Norman Dennis (16 August 1929 – 13 November 2010) was a British sociologist.

==Early life and education==
Born one of four sons to a tram driver, Norman Dennis was educated at Bede Collegiate Boys' School. He was offered a place at Corpus Christi College, Oxford, but declined it in favour of the London School of Economics, where he achieved a first-class honours degree in economics.

==Academic career==
Dennis held academic posts at the Universities of Leeds, Bristol and Birmingham before finally holding a long-term post as Lecturer, later Reader, in Social Studies at Newcastle University, where he worked for 35 years.

He was a lifelong Labour supporter and was a Labour councillor in Millfield, Sunderland, in the early 1970s.

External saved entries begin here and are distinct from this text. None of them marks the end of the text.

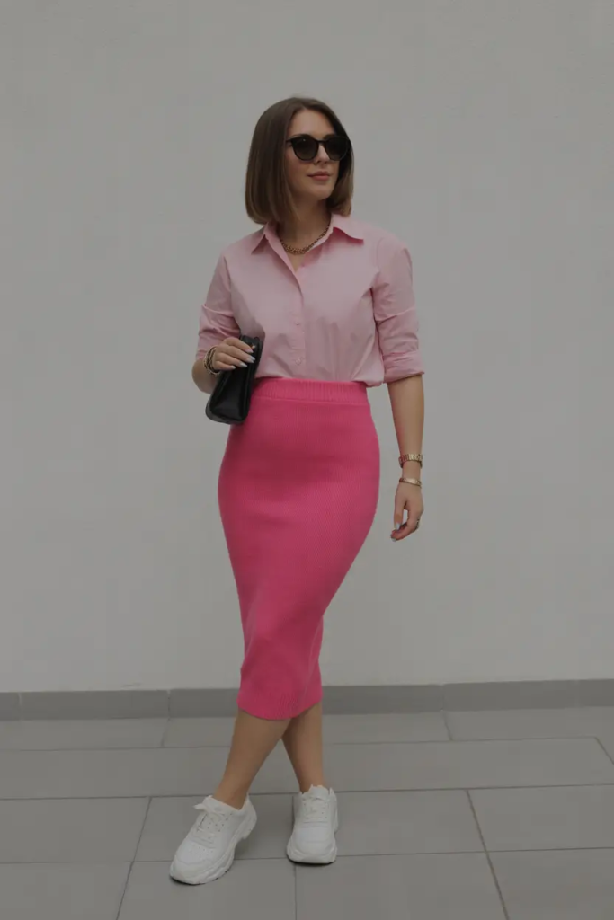 The key to making this outfit work is focusing on fabric and fit. Tailored pink trousers combined with a relaxed pink blouse or structured knit create a refined silhouette. Mixing textures like satin, cotton, and soft knits adds dimension and prevents the look from feeling flat. Neutral accessories such as nude heels, beige handbags, or minimal gold jewelry help ground the outfit while letting the color story remain the focal point.
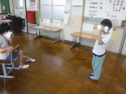 図画工作科の時間に,紙コップで糸電話遊びをしました。
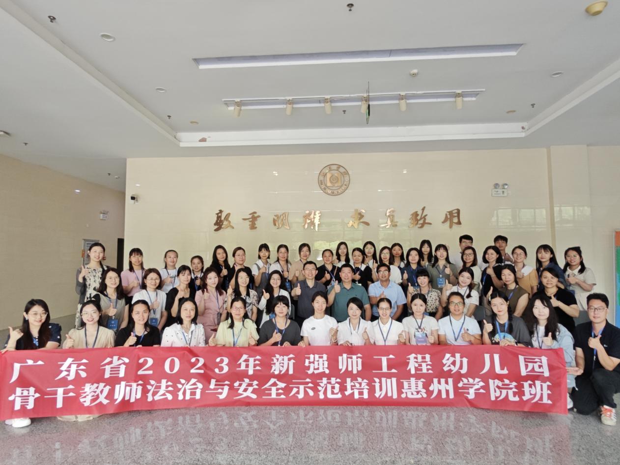 6月26日上午,广东省幼儿园教师法治与安全培训班在惠州学院旭日科技大楼B座-204举行了开班典礼。出席此次开班典礼的人员有惠州学院继续教育学院副院长邓伟浩、惠州学院教育科学学院党总支副书记刘华、教师法治与安全培训班班主任黄国庭及全体培训班学员。此次开班典礼由党总支副书记刘华主持。
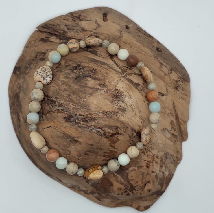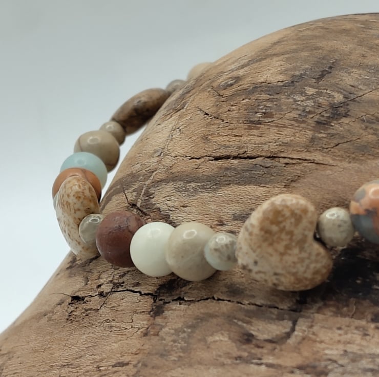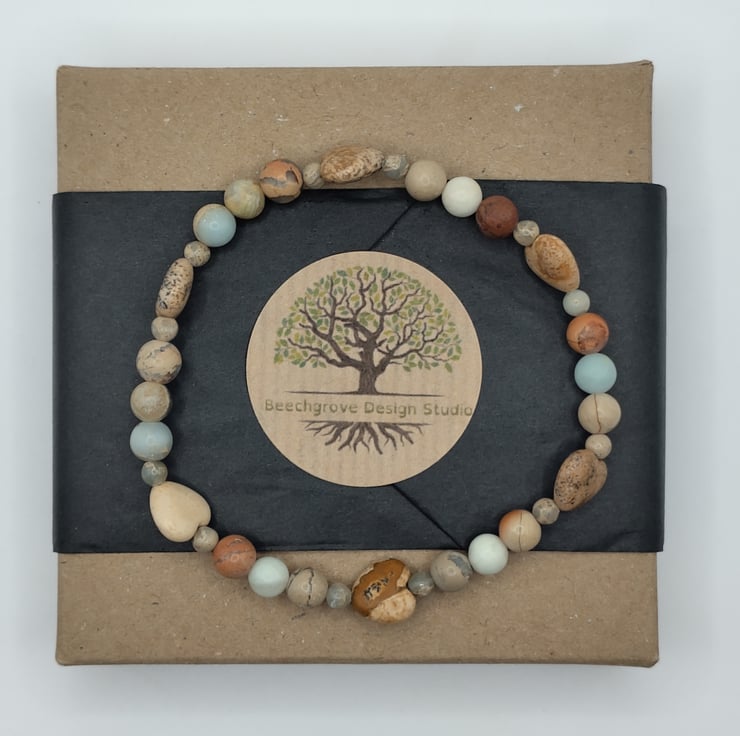 Calia 03 . Picture Jasper, Flower Amazonite, AquaTerra Jasper Stone Bracelet
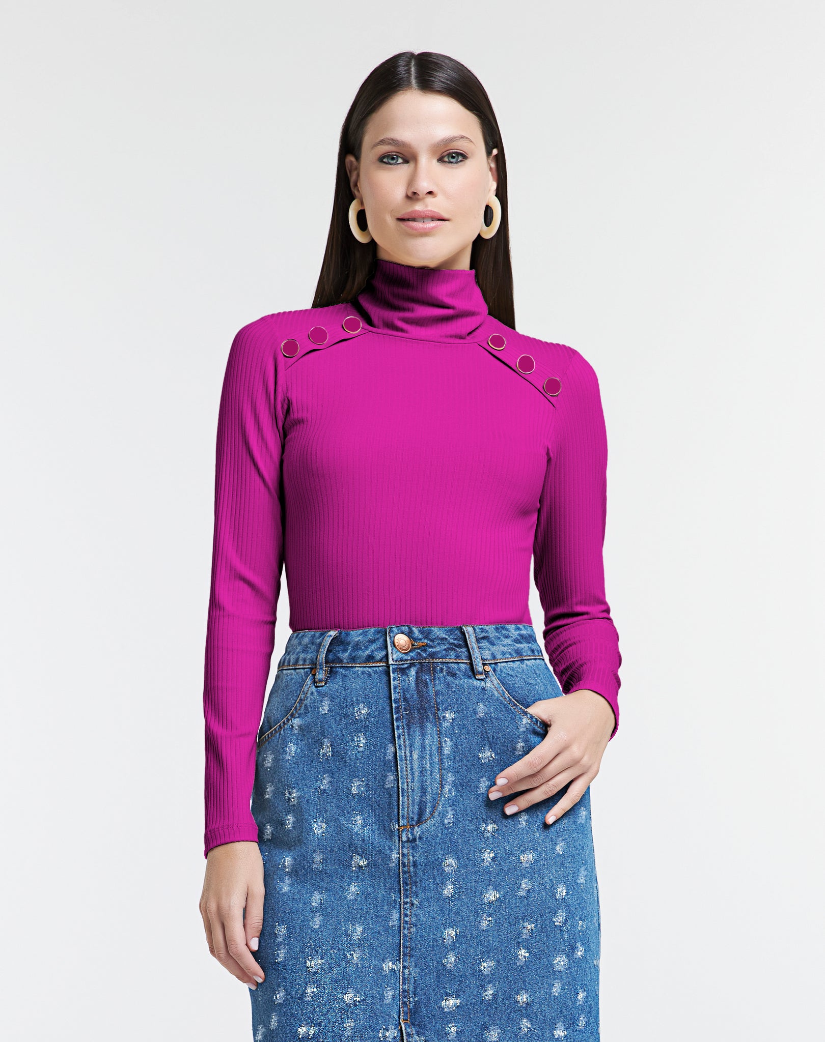 A peça essencial para criar looks elegantes e aquecidos. Esta blusa canelada possui mangas longas e uma clássica gola alta (cacharrel), que garantem conforto e estilo nos dias mais frios. Confeccionada com elastano, ela tem uma modelagem justa ao corpo, proporcionando um caimento impecável que valoriza a silhueta.
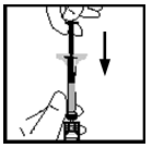 Mens du holder glassrøret av sprøyten med én hånd og hetteglassadapteren (ikke hetteglasset) med den andre, fest sprøyten til hetteglassadapteren ved å føre tuppen inn i åpningen og vri med klokken til den sitter fast (se figur 7).
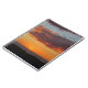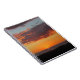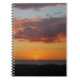 This notebook features a photo of the sun setting over the Pacific Ocean. The sunset lights up the sky and underside of the clouds in bright orange with a stripe of gray blue still visible between the clouds. The foreground captures the dunes in shadow as the sun sinks lower on the horizon.
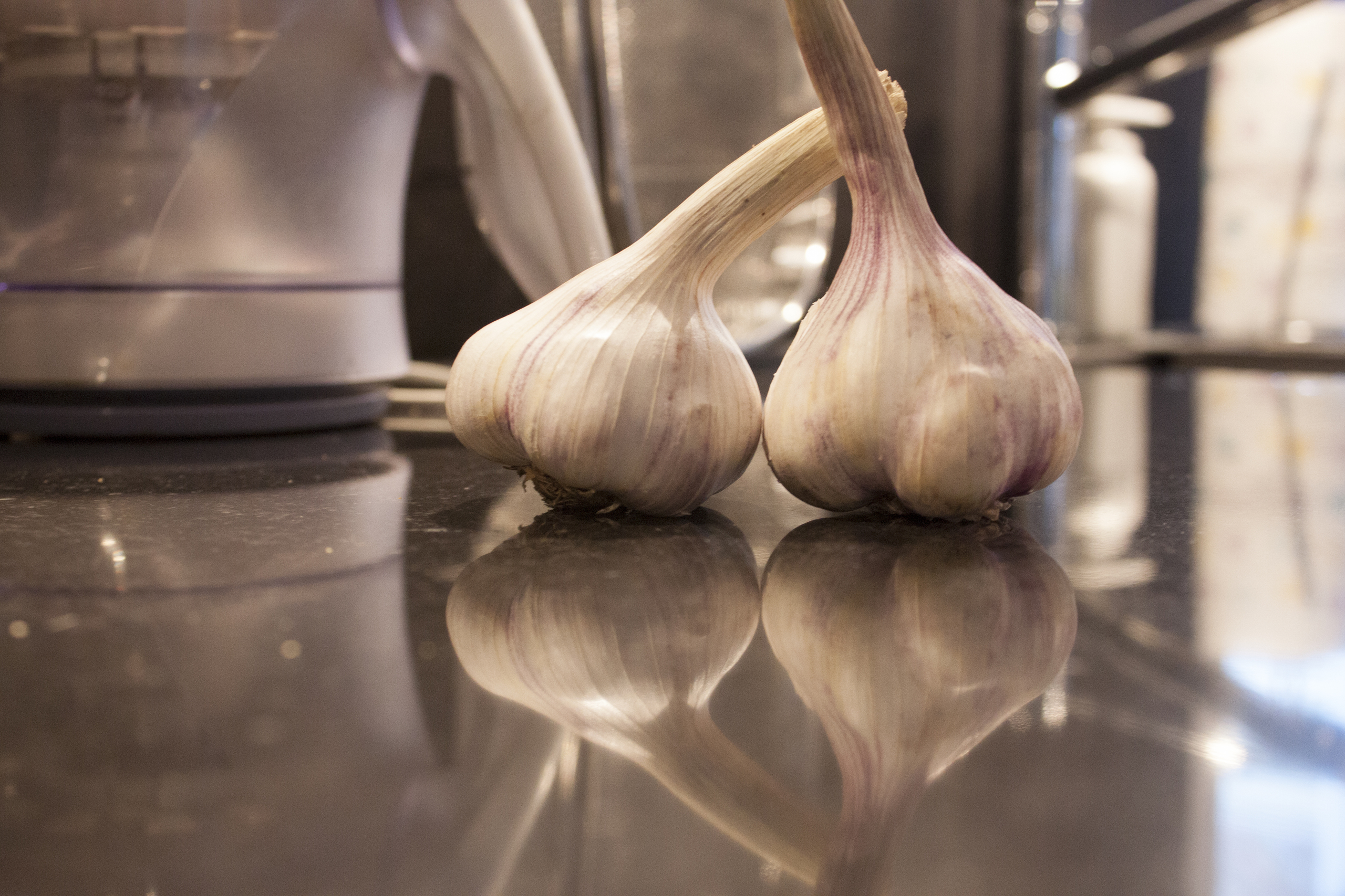 twee knoflook bollen op het aanrecht
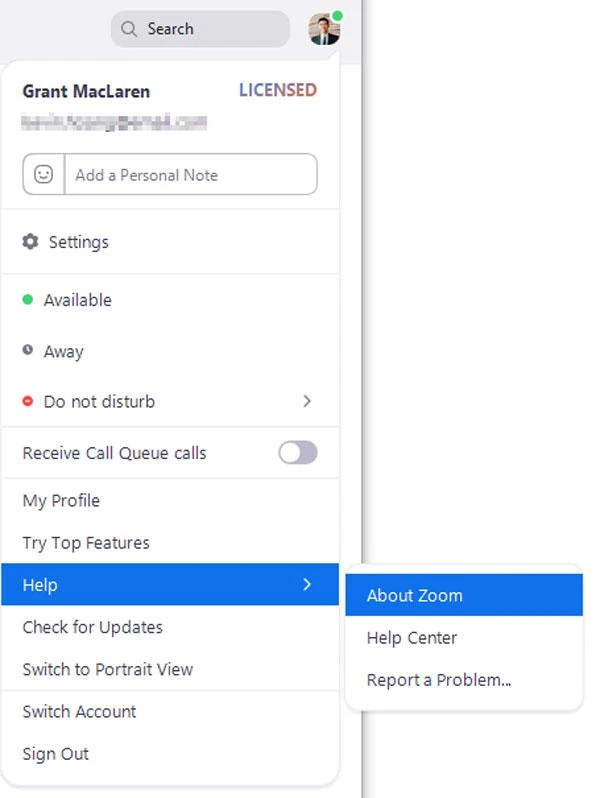 2. Nhấp vào ảnh hồ sơ của bạn sau đó nhấp vào About Zoom.
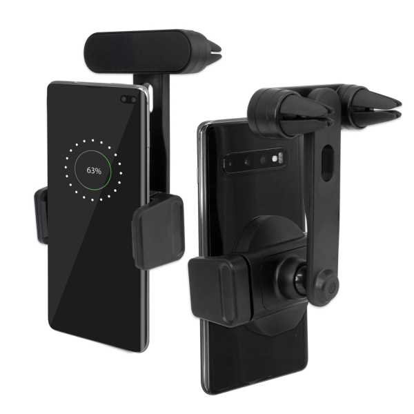 Our Metro Wireless Charging Phone Holder is a unique spring-loaded car phone holder which has a built in 5W wireless charger. It has a soft rubber clip which pushes onto car air vents and securely holds a phone so it can be used and charged at the same time. Simply plug the unit into the USB port of a car adapter and it is ready for use. It is compatible with devices that are enabled for wireless charging and will charge most modern phones. It is supplied with a Micro-B USB cable and an instruction leaflet.
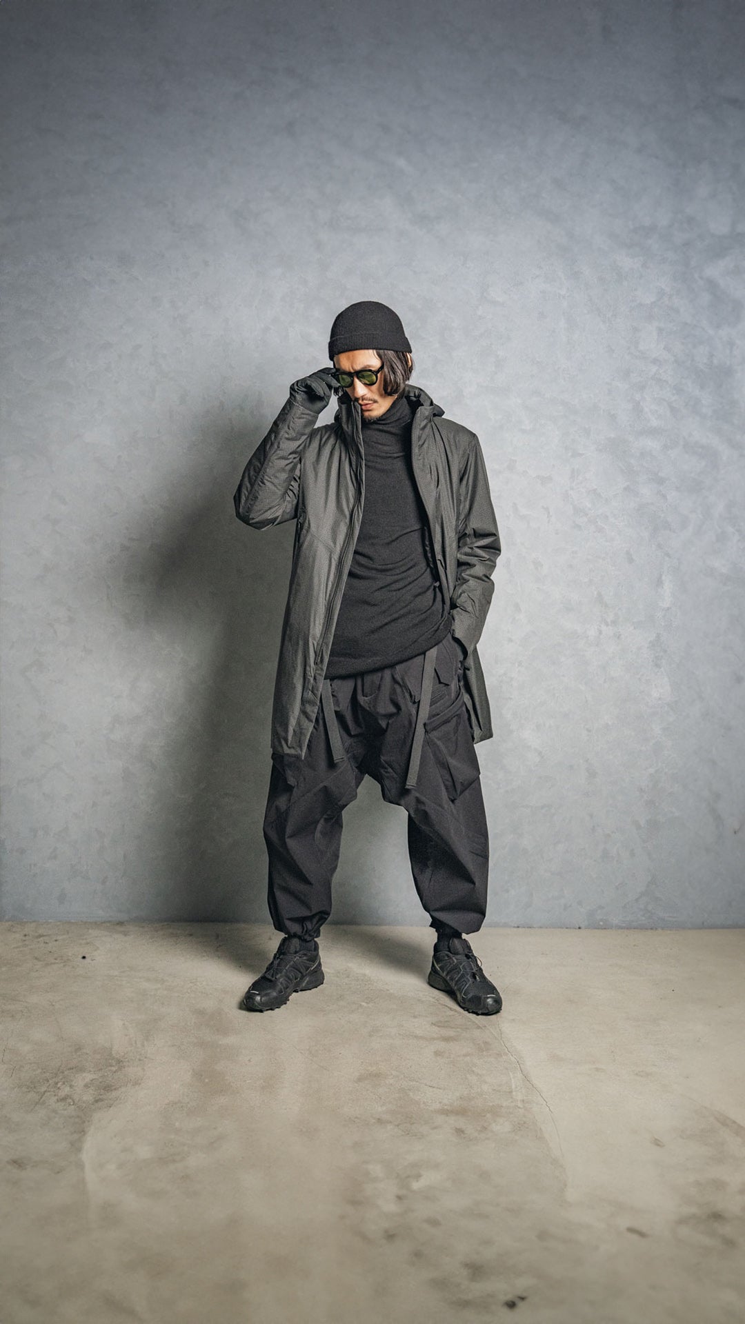 SIZE : XS=肩幅47cm-身幅56cm-袖丈64cm-着丈94cm
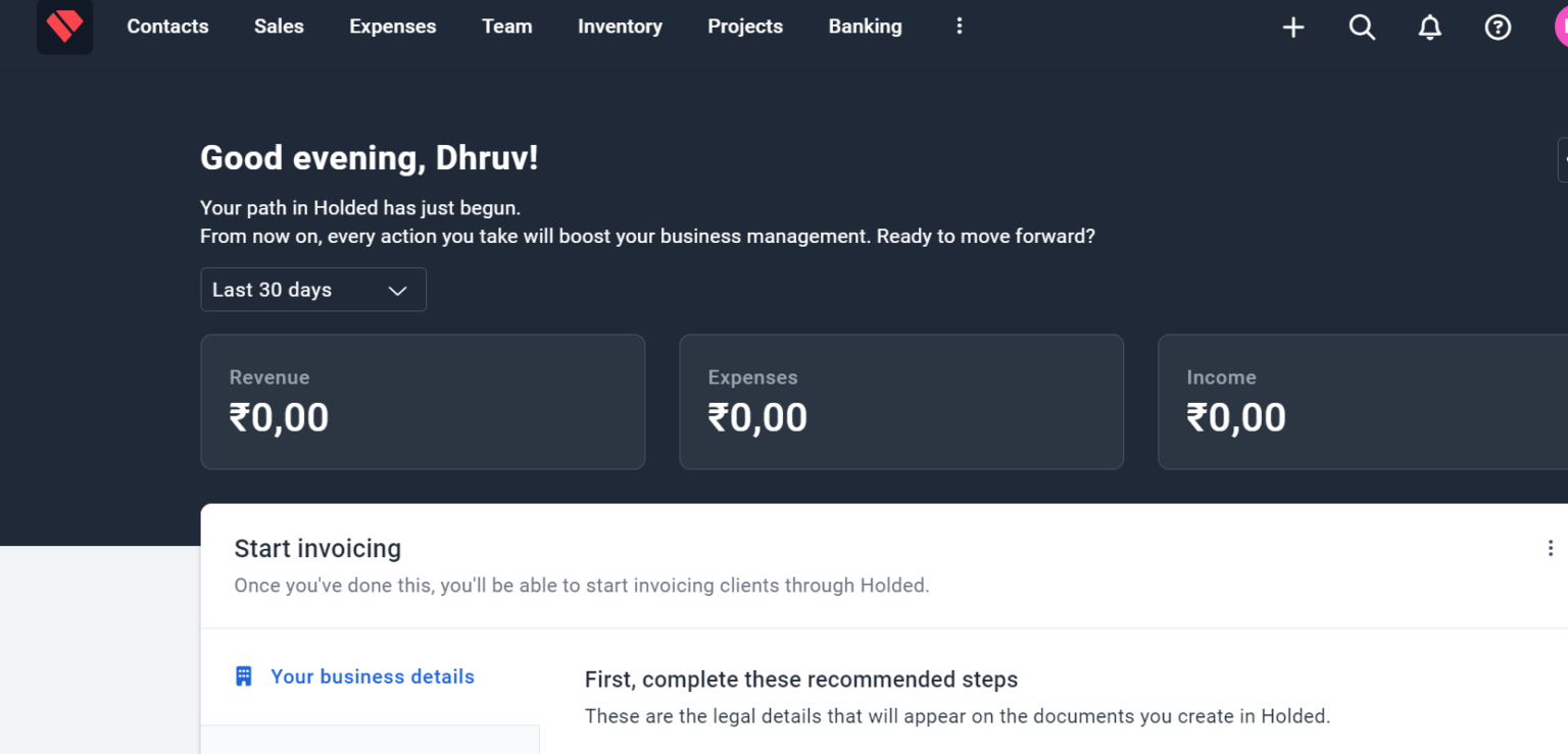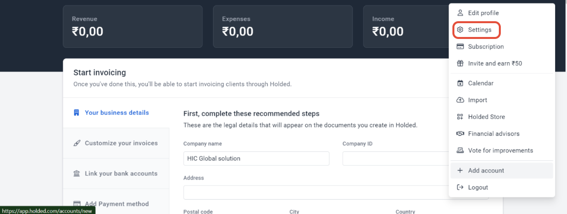 Step 1:- First, sign in to your Holded account and If you don’t have one, create a new account from here.
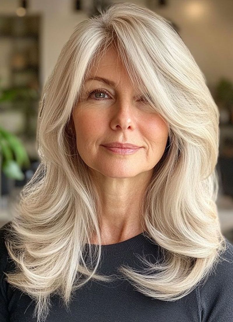 Curtain bangs have made a major comeback, and they pair beautifully with long layers for women over 50. These face-framing bangs part in the middle and sweep to the sides, softening features without hiding them.
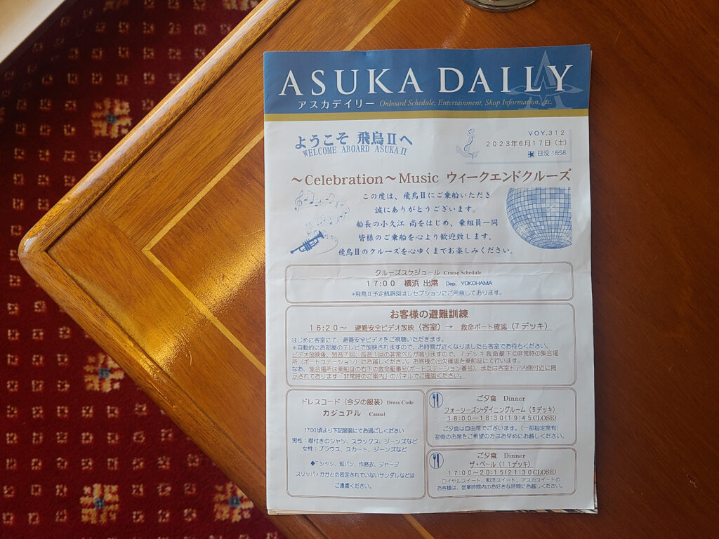 まずは、お部屋に用意されている『ASKA DAILY』という船内紙をチェックしましょう。
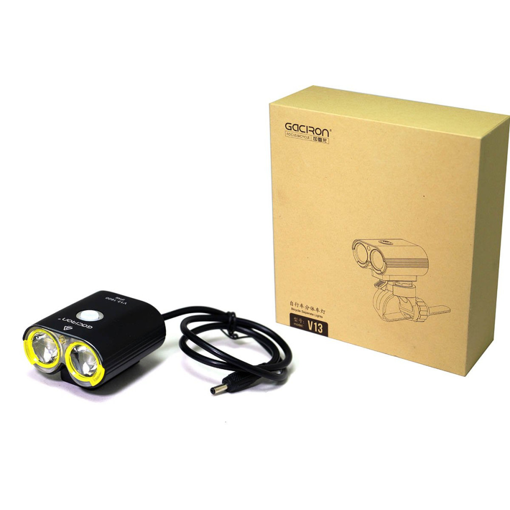 Фара передняя GACIRON V13 1600 lumen, 2диода, 4режима, без аккумулятора, USB, крепление на руль, алюминий черный, выносная кнопка на руль
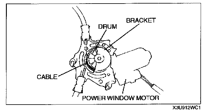 1. Hold the drum and the cable with the bracket to prevent them from being pulled out with the power window motor.
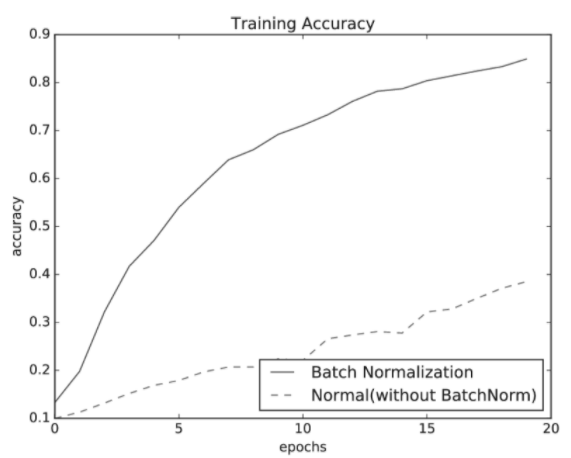 The following process converts a batch with Average = 0, Variation = 1, which is the ultimate goal of batch normalization. Each batch layer shifts and scales the normalized data.

He was driven to do this by his disgust at the planned slum clearances in Sunderland at the time, which he opposed strongly. It was this that also inspired him to write about economic pressures and how they shape society.

The Daily Telegraph news blogger Ed West described Dennis as "a key analyst of late 20th-century British society whose influence, I suspect, will stretch long into the 21st".

==Death==
Dennis died of leukaemia on 13 November 2010 in Sunderland, at the age of 81.

==Bibliography==
- Coal Is Our Life - An Analysis of a Yorkshire Mining Community (1956)
- People and Planning (Society Today & Tomorrow) (1970)
- Public Participation and Planner's Blight (1972)
- English Ethical Socialism: Thomas More to R.H. Tawney (with A.H. Halsey) (1988)
- Families Without Fatherhood (1992)
- Rising Crime and the Dismembered Family (1993)
- The Invention of Permanent Poverty (1997)
- Racist Murder and Pressure Group Politics (2000)
- Cultures and Crimes: Policing in Four Nations (2005)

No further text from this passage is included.